Ella estaba casi siempre con él en su «cama».

—¿Aunque sea tan sucia, tan fea y tan asquerosa, tú también me tocaste?

—Luchaba por mantener la compostura; sentía que los pulmones estaban a punto de estallarle.

Él se quedó mirando sus labios suaves y tiernos.

—Mi querida esposa, no seas tan dura contigo misma.

A mí nunca me has parecido…

¿A quién más debería tocar si no es a ti?

—En realidad, nunca la había tocado; su carita frustrada era aún más expresiva y tentadora, así que no pudo resistirse a tomarle el pelo.

Ella tembló de ira y consiguió gruñir—: ¿Sabes por qué te he traído aquí?

—Para darnos un baño romántico juntos, por supuesto.

—Su respuesta fue de lo más natural.

Agarrándolo de la mano, lo arrojó rápidamente al río; su cuerpo trazó un arco en el aire.

Con un chapuzón, la tranquila superficie del río se agitó.

Se zambulló de cabeza en el río.

Su cara casi golpeó el fondo del río, y cuando finalmente salió a la superficie, solo pudo oír la voz de su esposa, dulce como el canto de un pájaro.

—La última vez yo me «arrojé al río», esta vez es tu turno.

Dentro de un rato, le diré a la gente que no lo soportaste y te ahogaste.

—¡Mi querida, eres demasiado cruel!

¿Acaso planeas asesinar a tu esposo?

—Empapado, salió del río con aspecto consternado—.

Mi querida, sé nadar, no me ahogaré…

—Sintió que algo no cuadraba—.

Mi querida, estás tan delgada, ¿de dónde sacaste la fuerza para lanzarme…?

Ella lo ignoró y se dio la vuelta para regresar.

Él la llamó a sus espaldas—: Querida, espérame.

Si querías ver mi cuerpo mojado, solo tenías que decirlo.

Habría saltado al río yo solo, no necesitabas hacer nada…

Su Qingyue no miró su boca y no pudo oírle.

Tras dar unos pasos, se detuvo de nuevo.

Xiao Yuchuan, que la perseguía, chocó contra su espalda.

—Querida, ¿por qué te has detenido de repente?

Por suerte soy mucho más alto que tú; si no, me habría golpeado la nariz.

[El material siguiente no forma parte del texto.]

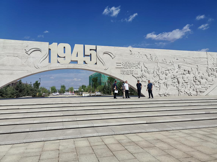城川镇特色小镇景观绿化工程,延安民族学院对面,东西宽度为347m,南北长度为350m,规划面积128731㎡,硬质铺装面积88225㎡,绿化面积40506㎡,中心广场纪念碑为36m高,钢框架支撑结构;东西两侧各设置一座长度为60m,高度为5.7m的钢框架支撑结构的浮雕墙。中心广场东西两侧设置城市带状公园,公园结合配套公建、廊架、树池、雕塑等小品满足市民休闲,中心广场铺装整体以简洁明快的大块铺装为主,颜色以红黄为主色,突出红色主题,两侧公园统一为灰色材质,广场中心区域设置12根特色景观灯柱,强化仪式感与庄重性,便于以后开展大型纪念活动以及群众节日庆典活动。

Si se me aplastara, ya no sería guapo…

Se dio la vuelta para fulminarlo con la mirada, y luego devolvió su atención a unos tallos de bambú de agua junto al río.

En las hojas de bambú que colgaban sobre el agua, había varias telarañas, y en cada una se movía una araña.

El cuerpo de estas arañas estaba cubierto por una pelusa verde y medía unos cuatro centímetros de largo, con unas patas un poco más largas de alrededor de un centímetro y medio.

¡Eran las arañas venenosas que se encontraban cerca del río!

Estas arañas tenían colmillos venenosos y glándulas de veneno.

Cuando mordían a un humano, el veneno secretado por sus glándulas provocaba la parálisis del sistema nervioso central.

Una mordedura leve causaba hinchazón local; una grave, envenenamiento general; y, en los casos más severos, la muerte.

—Querida, ¿qué estás mirando?

—Xiao Yuchuan siguió su mirada—.

A algunas personas del pueblo ya les han picado arañas de este tipo; les provocan unas enormes llagas rojas.

Son venenosas, deberías mantenerte alejada.

Su Qingyue no escuchaba lo que él decía, sino que miró a su alrededor y descubrió que también había de estas arañas en la maleza junto al río.

¡Esto era maravilloso!

El jugo de estas arañas venenosas podía usarse como medicina para tratar mordeduras de serpiente, quemaduras, llagas y dolencias estomacales.

Podía atrapar estas arañas y usarlas para curar las llagas purulentas de su cara.

Sin embargo, necesitaría un recipiente para contener el jugo de las arañas.

Con eso en mente, caminó rápidamente hacia la casa de la familia Xiao y llegó en cinco o seis minutos.